A steep scramble took us up to the joining road, where another sign, pointing down the track from which we had just emerged, was showing “trail closed”. Oh well, that was one closure out of three that we managed to dodge.

Getting to the parallel road didn’t mean that our problems were over. This one was a fairly rough gravel surface, through which I had to pick my way carefully on my road bike. It was also fairly steep in places, but it did the trick of finally linking us to the road that we were aiming for, to take us higher into the mountains.

Once back on track, we had a few more challenging steep sections through the woods before emerging into more open countryside, giving better views of the fields and mountain peaks beyond. After topping out, we had the rare treat of some swift downhill, followed inevitably by more steep uphill.

Although it was hard going in places, we were in the kind of countryside we love to cycle: remote, quiet and scenic. Add in a sunny day with hardly a breath of wind, then it was hard to beat. We had a clear view to the north, where all the peaks bar one were visible. The one clouded peak was most likely Snowdon itself.

We stopped heading north when we intersected with route 82. That took us downhill to a bend in the road, where under a bridge, a river had cut a deep channel, before opening out into a wide pool. This was very similar to the place we’d found earlier in the month near Dalry, except this time we didn’t have time for me to take a dip. We needed to press on to our lunch stop.

This meant another few steep climbs, before route 82 took a turn for the worse. That being a right turn away from good quality tarmac onto rough gravel. Although the track was heading downhill, this wasn’t a good thing, as my road bike was bumping and rattling and I was afraid it might break, or at least have a puncture if I went any faster than about 7 mph. I was happier when we got to uphill sections, which could be negotiated in more comfort.

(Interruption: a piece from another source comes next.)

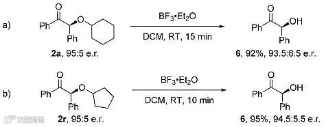 作者随后进行了脱保护基实验,从图5可以看出,使用三氟化硼可顺利消除环己基或环戊基,在消除过程中产物的手性得到了很好的保持(图5)。

Colette on the other hand, was surprised to hear my complaints, as she wasn’t having the same problems. Oh yes, that would be because she was riding a gravel bike! A gravel bike would be very advisable for anyone living in this area.

Lunch!!!

Eventually, we found ourselves outside the Coed y Brenin visitor centre and cafe. We locked up the bikes and went into the cafe at around 2pm. I was shocked to see that the hot food counter was empty. I stood speechless with my head in my hands, as the lady serving told us that they had staff shortages and she was just about to close up. So we hastily ordered a coffee and one of the remaining bagged sponge cakes for our lunch. Not exactly the sort of lunch we had in mind, but it filled a gap. Colette wasn’t so happy and declared that she doesn’t want to eat another cake ever again. I wonder how long that will last!

Although route 82 continued through the mountain biking centre, I didn’t expect it to turn back to tarmac any time soon, so we took the decision to decamp to the nearby A470, which took us in the same direction, only a lot faster. The traffic wasn’t too bad, and it wasn’t long before we has passed through the village of Ganllwyd (I think it is pronounced something like “ganshwee”).

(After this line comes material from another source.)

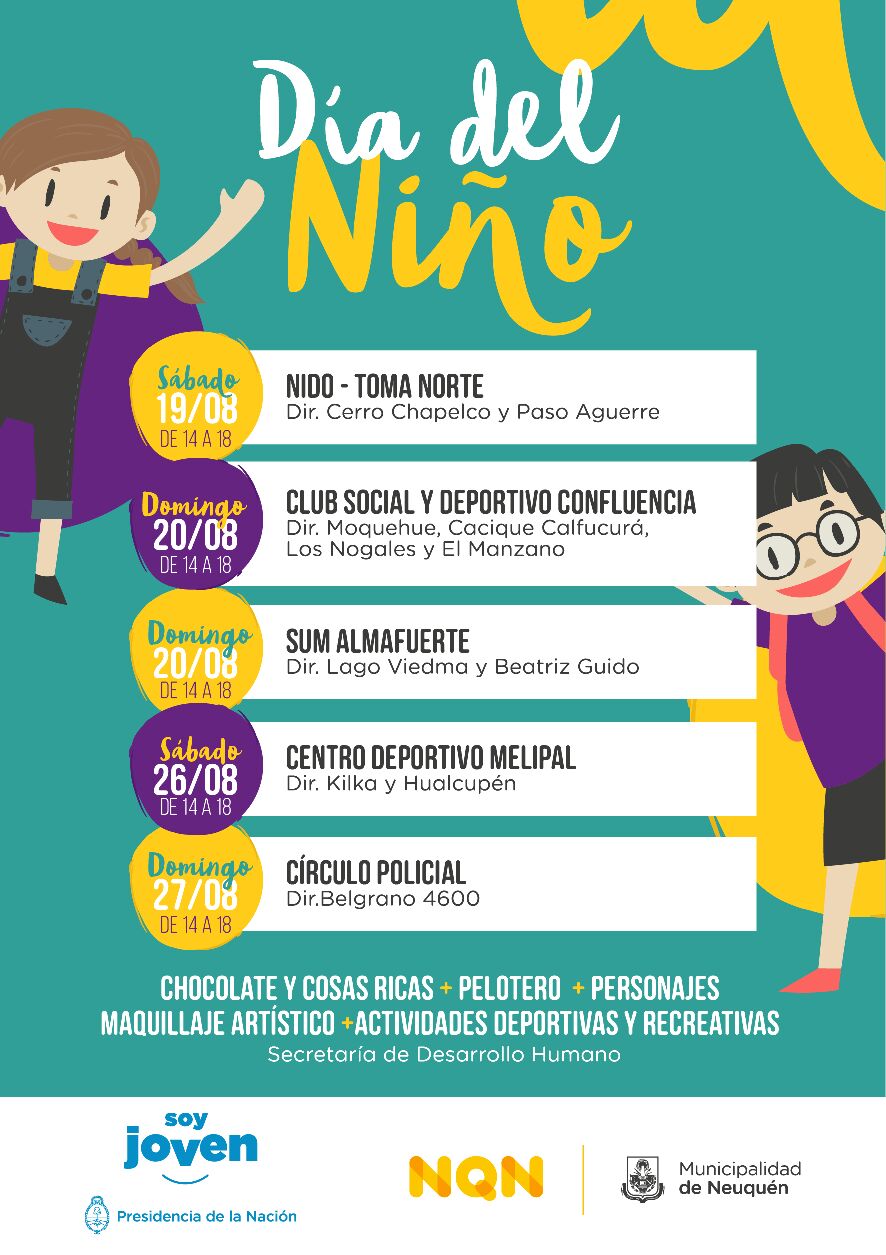 Además, el municipio organizó festejos tanto para hoy y mañana en diferentes asociaciones barriales en las que habrá juegos, merienda y personajes.

Shortly after that, I took a risk and turned left off the main road, to cross the river and rejoin route 82. As I’d hoped, we were back onto tarmac, and the road here zig-zagged joyfully through the forest.

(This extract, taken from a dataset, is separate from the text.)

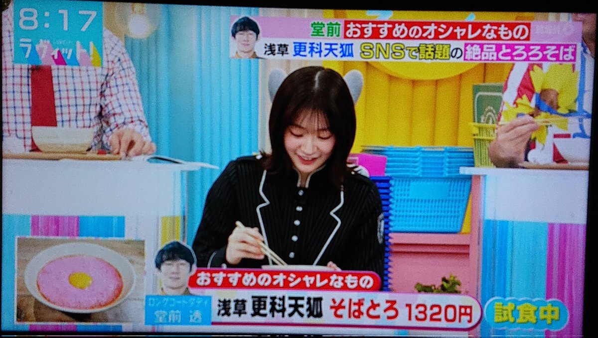 皆で“更科天狐”のそばとろを食べる😊 実家がそば屋の森田さん「実家よりうまい!」 家族観てたら突っ込まれるよ😅 森田さんの“田園ゲーム”紹介中に黙々そばとろ食べる堂前さん草😁 #ラヴィット #櫻坂46 #小島凪紗 #さらば青春の光 #森田哲矢 #ロングコートダディ #堂前透 pic.x.com/yYE7LD2TfB

Quite soon, we reached the part of route 82 by which we’d arrived earlier, then continued onwards past Dolgellau and back onto the flat gravel path along the estuary. The path was much busier now, and as expected, the tide was now out. There were no more interesting birds to be seen, but that was fine. They were already committed to Colette’s memory card from our earlier passage along this track.

When we arrived back at the car, we were very satisfied with our day out, despite it being a cobbled together afterthought compared to the original plan. We weren’t at all disappointed that it was one of our slowest rides ever, due in part to going carefully on the almost 50% gravel path component, and also to the numerous very steep sections. The day provided us with quiet roads, beautiful scenery and glorious weather, as well as a few moments of jeopardy to make it that bit more memorable. It might also not come as a surprise that with a big birthday coming up, I’ve been Googling gravel bikes!